====== Data ======

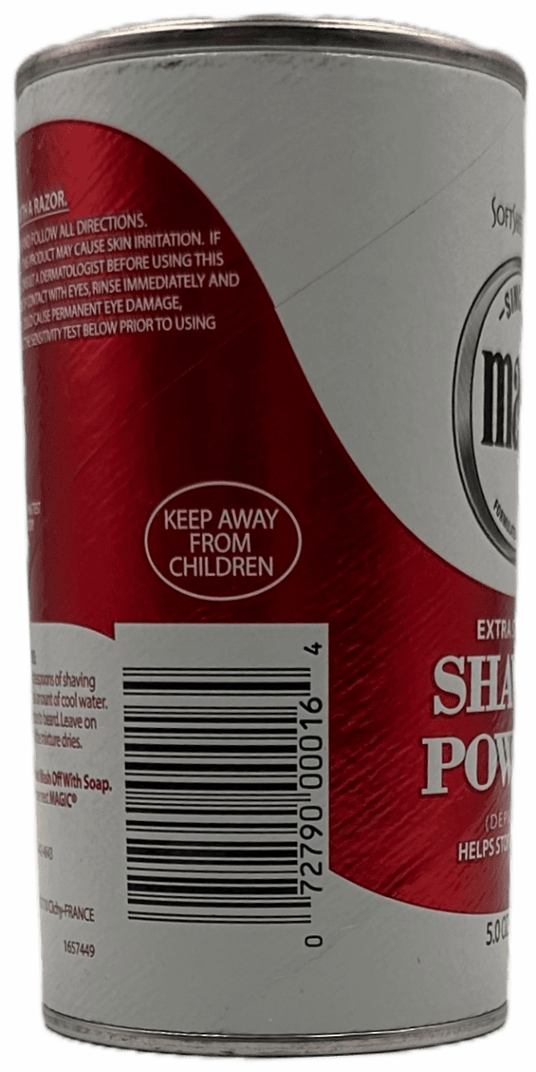Before using magic shaving powder for the first time, the following test must be performed. Wait at least 36 hours after using a razor or depilatory product before doing this test. Mix a half teaspoon of magic shaving powder with equal amount of cool water. Apply to one inch section of beard area. Leave on for no longer than five minutes. Moisten if necessary, rinse away thoroughly. Wait 24 hours. If there are no signs of irritation or redness, follow directions.
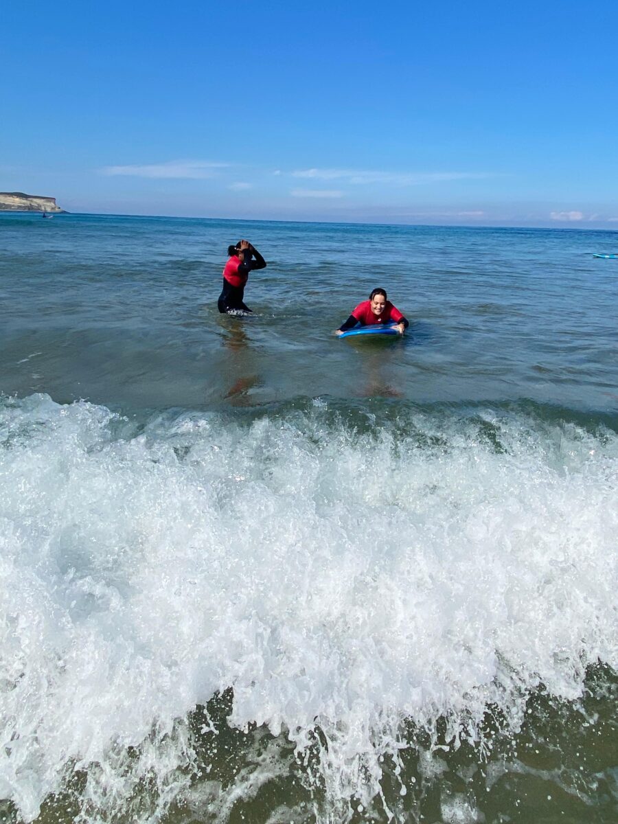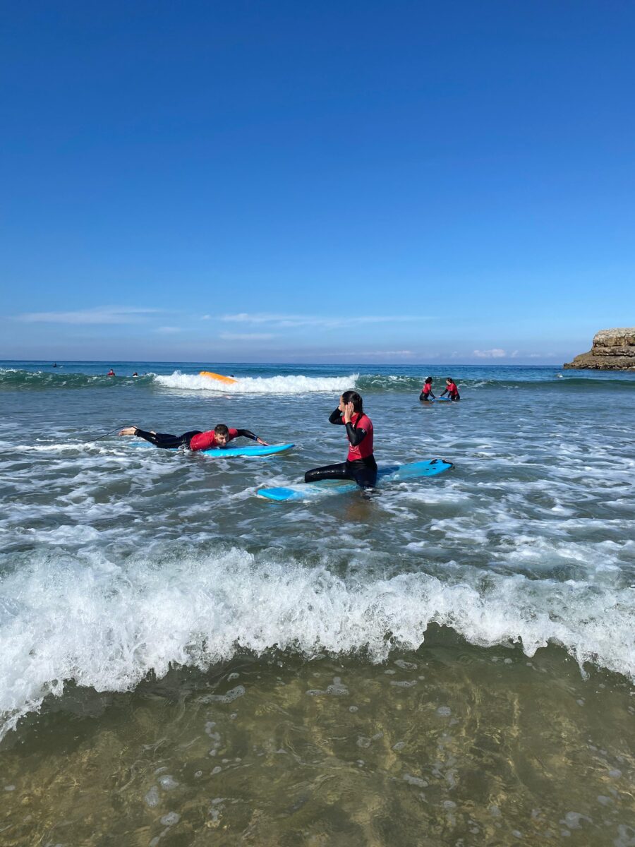 La actividad tuvo lugar en la playa de Los Locos, donde el grupo de estudiantes pudo participar en una emocionante sesión de surf, combinando deporte, naturaleza y compañerismo. El día acompañó con un espléndido sol y un ambiente inmejorable, lo que contribuyó a crear un clima perfecto para disfrutar y aprender fuera del aula.
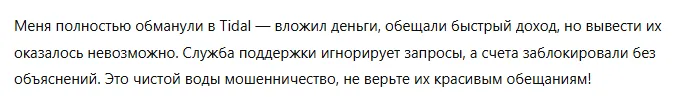 Негативные отзывы о брокере Tidal: реальные истории пострадавших
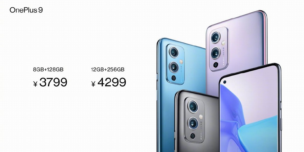 一加9采用骁龙888旗舰处理器,哈苏三摄影像系统,6.55英寸2400 x 1080柔性直屏,共有黑曜、鲸蓝、紫翼三款配色三色可选,标配65W有线闪充。分为两个容量配置,8GB+128GB售价3799元,12GB+256Gb售价4299元。

======

▶ _What is being asked_
Retype only the lines from the line with "Негативные отзывы о" through the last line of the data. Keep both ends and skip the pictures.

▶ _Answer box_
 Негативные отзывы о брокере Tidal: реальные истории пострадавших
 一加9采用骁龙888旗舰处理器,哈苏三摄影像系统,6.55英寸2400 x 1080柔性直屏,共有黑曜、鲸蓝、紫翼三款配色三色可选,标配65W有线闪充。分为两个容量配置,8GB+128GB售价3799元,12GB+256Gb售价4299元。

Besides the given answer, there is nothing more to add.